I thought back to our girls’ night, and how she drank the milkshakes with us and how much it had surprised me. Abigail was always careful with what she little she did eat. Always organic, always proteins and vegetables. I thought she was just excited and decided to have a cheat night. And she drank and drank, up until the last batch that we had right before we all fell asleep.

Was she capable of something like that? Would she have seriously poisoned us? Was she willing to kill us all in order to win Dante?

I had a feeling she was. I would have to prove it somehow. And much as I would have loved to inflict a slow, excruciating revenge, it would be enough just to get her kicked off the show and out of our lives.

“How are you feeling?” Dante interrupted my Inigo Montoya-esque plans for vengeance.

“Totally better. I don’t think I had the flu.”
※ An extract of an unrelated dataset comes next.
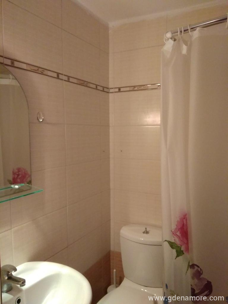Das Studio liegt im Souterrain (sieben Stufen unter Straßenniveau), ist aber dank normalgroßer Fenster und Balkontüren hell und freundlich. Es bietet Platz für bis zu vier Erwachsene. Im abgetrennten Bereich befindet sich ein Doppelbett, außerdem gibt es ein Schlafsofa mit Schublade. Die voll ausgestattete Küche verfügt über einen Herd, einen großen Kühlschrank mit Gefrierfach sowie alle notwendigen Utensilien und Geschirr. Das Badezimmer ist mit einer Dusche mit Duschvorhang ausgestattet. WLAN, Fernseher, Klimaanlage sowie frische Bettwäsche und Handtücher stehen den Gästen zur Verfügung.

He pulled back the covers and sat up in the bed. “Food poisoning, maybe? That would explain why all three of you got sick.”

It certainly would.

“Did you take Abigail on the last-chance date yesterday?”

“No. I was in here with you all day.”

My heart stopped and melted all at the same time. The physical attraction was one thing, but the emotions threatened to drag me under. “Doing what?” My voice sounded strangled.

“Taking care of you. Watching that zombie show you like so much when you were sleeping.”

It affected me more deeply than I would have cared to admit that he had spent an entire day looking after me. He didn’t have to, I didn’t expect it, and he did it anyway.

Maybe, just maybe, his feelings weren’t as shallow as I thought they were.

I couldn’t imagine Sterling doing the same thing.

What was wrong with me? It was like I was looking for reasons to be with Dante and cancel my wedding. “You mean The Walking Dead?”

“And I don’t understand why when people fall down when running from a zombie, they scoot backward along the ground instead of getting back up and running away. They’re obviously faster on their feet. Or why sometimes the zombies are loud and other times they’re like ninja zombies.”

Sterling also refused to watch The Walking Dead, even though it was my favorite TV show.

I sighed. I was doing it again.

“It does make you wonder how you’d react in an apocalypse.”

That was one of the reasons I loved the show so much. I liked to imagine myself in that scenario, how I would do it better than the characters and how I would survive. I liked that he had asked the question. “I would kick butt in an apocalypse. I’m an excellent shot.”

“Also useful in a revolution.”

“Are you expecting a revolution?” I couldn’t help but smile. The last people anyone would try to overthrow were Dante’s parents.

“No one ever expects a revolution. It would be nice to know that at least one member of the royal household could shoot her way out.”

“I’m not going to be . . .” I stopped talking and sucked in a breath as he stretched his arms above his head, flexing his arms and showing an expanse of his stomach that my great-grandmother could have done her laundry on.